Who Can Perform a Good Faith Exam
Physicians — MDs and DOs — can always perform a GFE. This is non-negotiable and universal across all 50 states.
Nurse practitioners and physician assistants can perform a GFE in many states, but scope varies significantly. Some states allow NPs and PAs to conduct independent exams; others require physician supervision or co-signature. A few states (notably California and Texas, among others) have stricter physician-only requirements for certain procedures. You must verify your state's specific rules with your state medical board or legal counsel — do not assume reciprocity across state lines.
Nurse injectors, aestheticians, and other non-physician staff cannot perform a GFE, even if they are the ones administering the treatment. They can gather history, perform skin analysis, and document findings, but a licensed independent provider must conduct and sign the exam.
Telehealth and the GFE: The Critical Limitation
Telehealth cannot satisfy a good faith exam requirement for injectable or procedural aesthetic treatment in most jurisdictions. The FDA and state medical boards expect a physical in-person evaluation — the provider must see the patient, palpate tissue, assess symmetry, and evaluate anatomy directly. A video call does not meet this standard.
Exception: Some states have carved out narrow telehealth pathways for follow-up visits or minor adjustments after an initial in-person GFE, but the first exam must be in-person. During the COVID-19 pandemic, several states issued emergency waivers allowing telehealth GFEs; most have since expired. Verify current rules with your state board before relying on any telehealth pathway.
This limitation is a major operational constraint for practices considering remote or hybrid models. You cannot build a fully virtual aesthetic practice; the GFE anchors you to a brick-and-mortar location with a qualified provider on-site.
Why the GFE Matters for Your Bottom Line
A documented GFE is your primary defense in a malpractice claim or regulatory investigation. If a patient alleges injury or a state board investigates your practice, the first question is: was there a GFE? If the answer is no, you are liable and your insurer may deny coverage.
The GFE also protects against scope-of-practice violations. If a nurse injector administers filler without a physician-performed GFE, the practice has violated state medical practice acts. Penalties range from fines and cease-and-desist orders to loss of the physician's license and criminal charges in egregious cases.
Additionally, a thorough GFE reduces adverse events. Screening for anticoagulants, recent procedures, unrealistic expectations, and contraindicated anatomy prevents complications and patient dissatisfaction — which translates directly to lower liability exposure and better retention.
Documentation Standards
A GFE should include:
- Patient medical history (medications, allergies, prior procedures, bleeding disorders, autoimmune conditions)
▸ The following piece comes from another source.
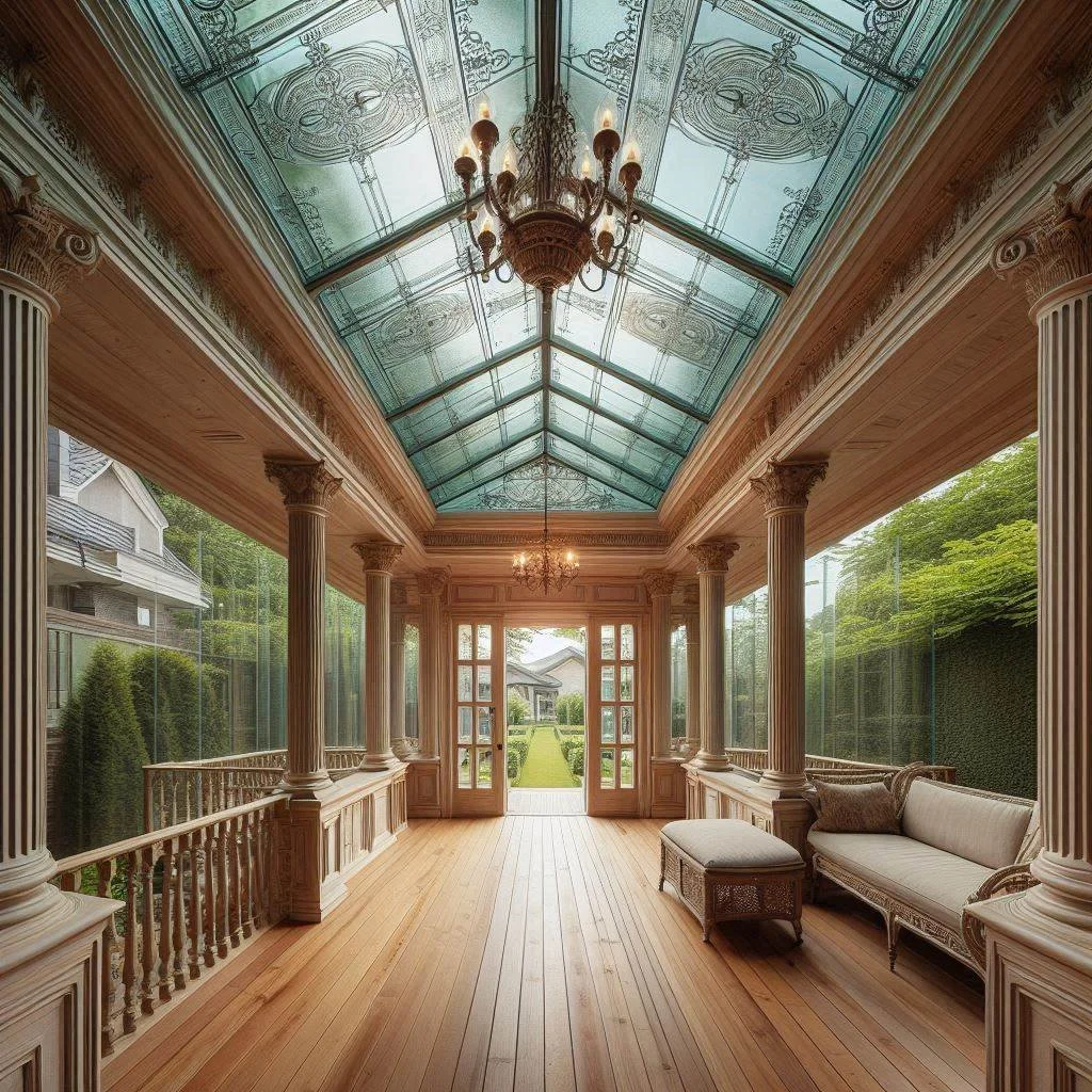 If you love natural light, glass or transparent panels are an excellent choice for covered porches. These materials allow sunlight to pour into the space, creating a bright and airy atmosphere while still offering protection from the elements. Glass panels keep the outdoors close, making your porch feel open and expansive without sacrificing shelter. For a touch of nature, combine the transparent panels with lush greenery, transforming your porch into an open-air greenhouse or sunroom. This combination not only enhances the visual appeal but also creates a soothing, light-filled environment perfect for relaxing, reading, or entertaining. Glass panels provide a perfect balance of openness and protection, ideal for enjoying the changing seasons while staying comfortable.

- Informed consent signed by the patient
- Physician assessment of anatomy, skin condition, and suitability for treatment
- Specific treatment plan and expected outcomes
- Physician signature and date
Keep these records for a minimum of 7–10 years (verify your state's retention requirement). Digital records must comply with HIPAA; if you use a patient-management system, ensure it has audit trails and access controls.
The Bottom Line
The good faith exam is not a box to check — it is the legal and clinical foundation of your practice. Enforce it uniformly, document it thoroughly, and ensure every patient receives one before any treatment. If you operate across multiple states, understand each state's specific requirements. The cost of a GFE (typically absorbed into your consultation fee or treatment cost) is negligible compared to the liability of skipping it.
Frequently asked questions
Can a nurse practitioner or physician assistant perform a good faith exam for Botox or fillers?
It depends on your state. Some states allow NPs and PAs to conduct independent exams, while others require physician supervision or co-signature. California and Texas, among others, have stricter physician-only requirements for certain procedures. You must verify your specific state's rules with your state medical board or legal counsel—do not assume the same rules apply across state lines.
Can I do a good faith exam via telehealth or video call?
No, not for the initial exam. The FDA and state medical boards require a physical in-person evaluation where the provider can see, palpate tissue, and assess anatomy directly. A video call does not meet this standard. Some states allow telehealth for follow-up visits after an initial in-person GFE, but you must verify current rules with your state board.
What happens if I don't have a documented good faith exam?
You expose your practice to significant liability. In a malpractice claim or regulatory investigation, the first question is whether a GFE was performed. If the answer is no, you are liable and your malpractice insurer may deny coverage. You also risk fines, cease-and-desist orders, and potential loss of licensure.
Can a nurse injector or aesthetician perform a good faith exam?
No. Nurse injectors, aestheticians, and other non-physician staff cannot perform a GFE, even if they are administering the treatment. They can gather patient history and perform skin analysis, but a licensed independent provider (MD, DO, or in some states NP/PA) must conduct and sign the exam.
Why is a good faith exam legally required for aesthetic treatments?
The FDA classifies neuromodulators and dermal fillers as drugs or devices, and state medical boards classify their administration as the practice of medicine. A GFE documents that a qualified physician has evaluated the patient, reviewed medical history, assessed anatomy, and determined treatment is appropriate—creating the clinical and legal foundation that protects both your practice and the patient.